There were two concurring justices and only one of them dissented in part. The one justice, who dissented, dissented on the decision regarding coverage under the no-fault portion of the policy. The reasoning is that the determination is inconsistent with the Court’s previous order in the same case which provided that there was no insurance coverage available under the entire policy for Mr. Spicehandler’s death if it resulted from intentional conduct. The Court’s prior order is binding and constitutes the law of the case which cannot be disregarded. Finally, the lone dissenter on this issued further reasoned that the determination provides an inconsistent interpretation of the phrase “caused by an accident” which is contained in the no-fault portion of the policy and the uninsured motorist endorsement.
9/25/08 Governor Patterson Vetoes Bill on Intoxication Exclusion
On September 25, 2008, Governor Patterson vetoed a bill that would amend the intoxication exclusion to prohibit the insurer from denying payment of a bill from a provider who treated an individual who was injured in a motor vehicle accident while driving in an intoxicated state or impaired by a drug. The bill further provided that the insurer could recover the amount paid from its insured.
Governor Patterson’s veto message explained that this bill was vetoed because the proposed language would provide for coverage for more than just life saving medical care that is required to be provided by state and federal law.
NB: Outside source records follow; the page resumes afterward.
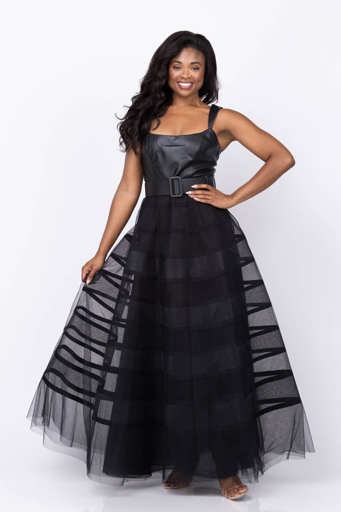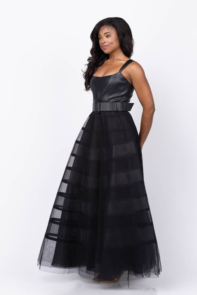 Step into the spotlight with the Sachin & Babi Veruca Gown in Black. Crafted from bold faux leather, this ball gown enhances your silhouette while making a striking statement. Ideal for any event where you want to be unforgettable, it combines glamour and edge to create a fun, flirty look that commands attention.
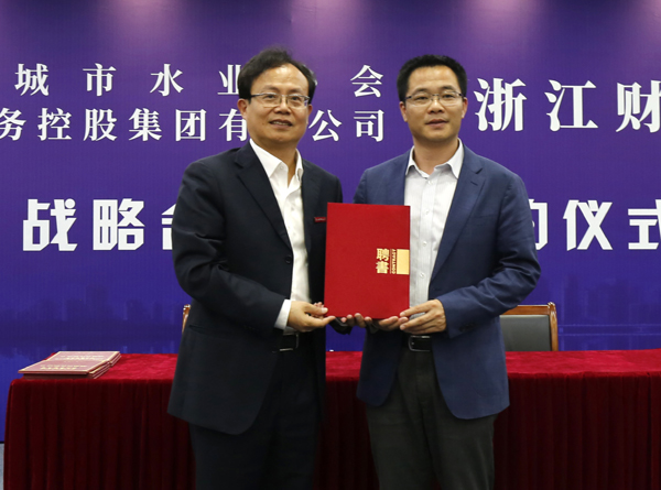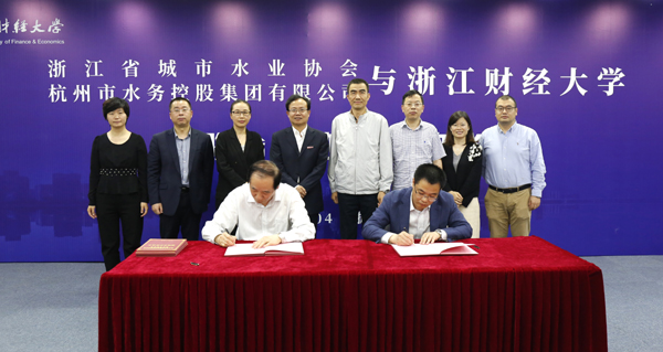 本网讯 近日,学校与浙江省城市水业协会、杭州市水务控股集团有限公司签署战略合作协议。校党委副书记黄建新,省特级专家、中国政府管制研究院院长王俊豪,浙江省城市水业协会会长、杭州市水务控股集团有限公司董事长叶淦平等出席签约仪式。
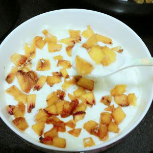 将黄桃丁均匀的撒在成品上,等晾凉后放入冰箱(当然也可以当时就吃,因为小妹爱吃凉的就了放进冰箱的保鲜层)
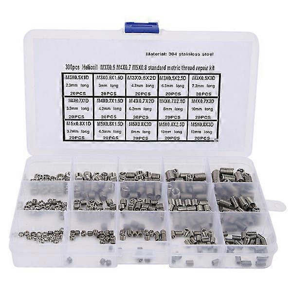 300 Pcs Threaded Insert Stainless Steel Thread Repair Tool M3x0.5 M4x0.7 M5x0.8
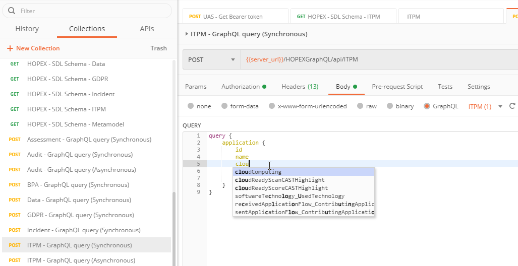 • Call of of the endpoint of the required schema {{server_url}}/HOPEXGraphQL/api/ITPM/sdl. The response will be a filenamed "schema".graphql.
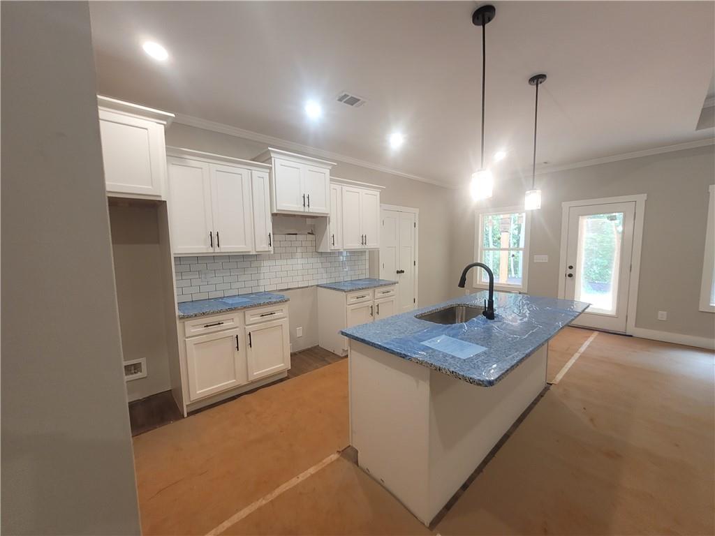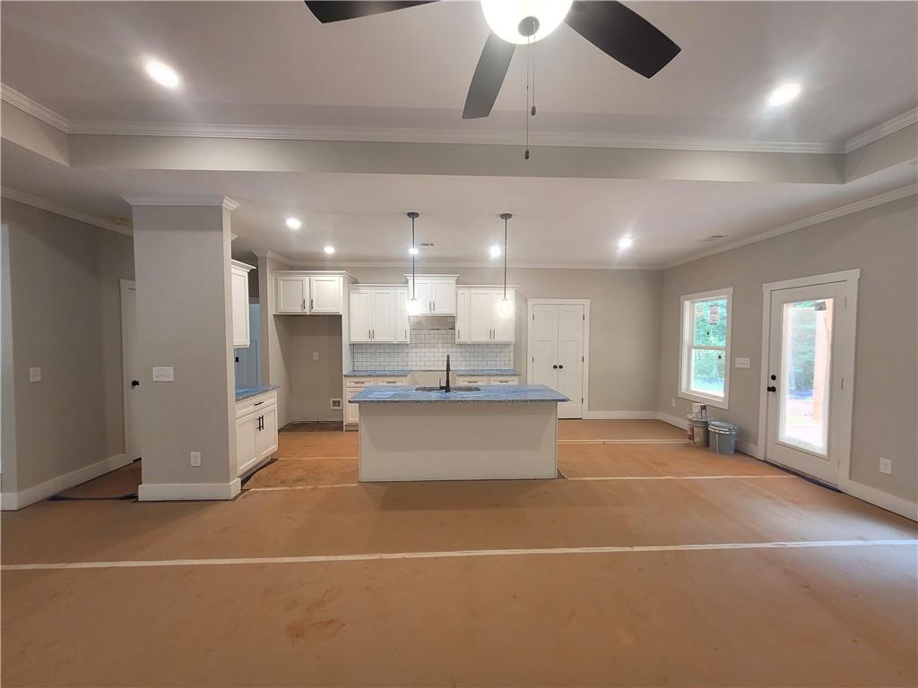 - KitchenCabinets White, Kitchen Island, Pantry, Stone Counters, View to Family Room
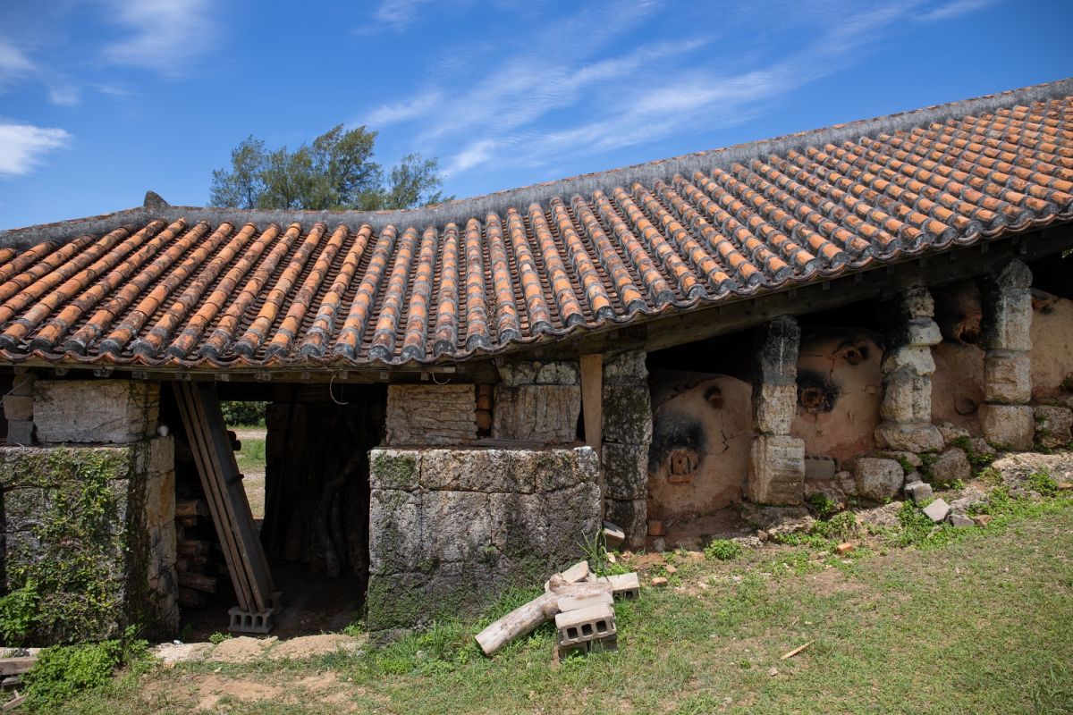 そんなやちむんの里には4つの登り窯がありますが、シンボルとなるのは、やちむんの里の中央にある赤瓦の屋根と石積みの壁でできた長さ25mの大きな登り窯。1980年に4名の作家・金城明光(きんじょうめいこう)さん、玉元輝政(たまもとてるまさ)さん、大嶺實清(おおみねじっせい)さん、山田真萬(やまだしんまん)さんが共同で作り上げた窯です。

The proposed language would require a no-fault insurer to pay for all health related expenses such as prescriptions, surgical, rehab, diagnostic, and therapeutic treatment not until the individual is stabilized but potentially until the policy limits are exhausted. The result of imposing such a requirement upon the no-fault insurer would result in higher insurance rates for consumers. The message indicated that the Governor believed that goals of the bill were sound yet wanted the insurance industry, the Governor’s office, and the health care industry to investigate the issue and craft a new bill.
9/19/08 Insurance Department Circular Letter, Supp. 1 to Cir. Ltr. No. 9.
Workers’ Compensation Pharmaceutical Fee Schedule Application to No-Fault Claims.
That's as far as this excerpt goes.